Cottington’s findings and his trip through the tunnel would not have been possible without the help fo Peter Singh, Cottington’s research assistant. Singh had not only helped confirm Cottington’s suspicions about the tunnel, but had also devised equipment that their team used to detect the tunnel was stable and led to what appeared to be another Earth or their own Earth, just in a different time.

Cottington, after much debate, decided to walk through the tunnel and see what was on the other side and so confirmed his theory. Singh would come five years later. He would have come sooner, but they found the tunnel only allowed travel only from Earth A to Earth R, so once you went through, you were never going to come back.

This puzzled Hollister who, near the end of her life, raised questions about the veracity of this claim, which she noted were never verified other than through Cottington’s and Earth A official statements and not via significant experimentation.

Cottington said and officials from Earth A confirmed that none of the men in Kennedy’s original research party had come through to their side of the tunnel when they disappeared.

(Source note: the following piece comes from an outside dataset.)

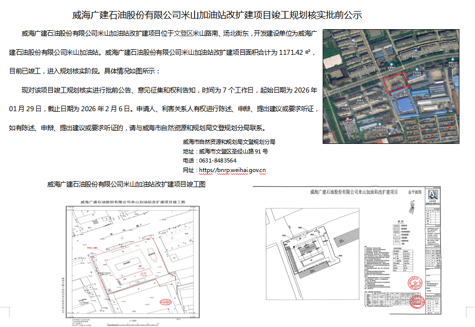 威海广建石油股份有限公司米山加油站改扩建项目竣工规划核实批前公示

The First Director of the Absurd

Jill Hollister was the first official director of the Absurd, though there are some that claim that Cottington and she were co-directors. That claim, however, has been repudiated. Cottington, due to his citizenship on Earth A, was not allowed to take the helm of The Absurd at that time.

However, Hollister’s premature death at the age of 67, left a vacuum of leadership and the government of Earth R, acceded to opening The Absurd Directorship to Earth A scientists. This set a new direction for The Absurd as the research facility would be headed almost exclusively by Earth A scientists or those with a parent from Earth A for the next sixty years until Gerald Wurd took up the position.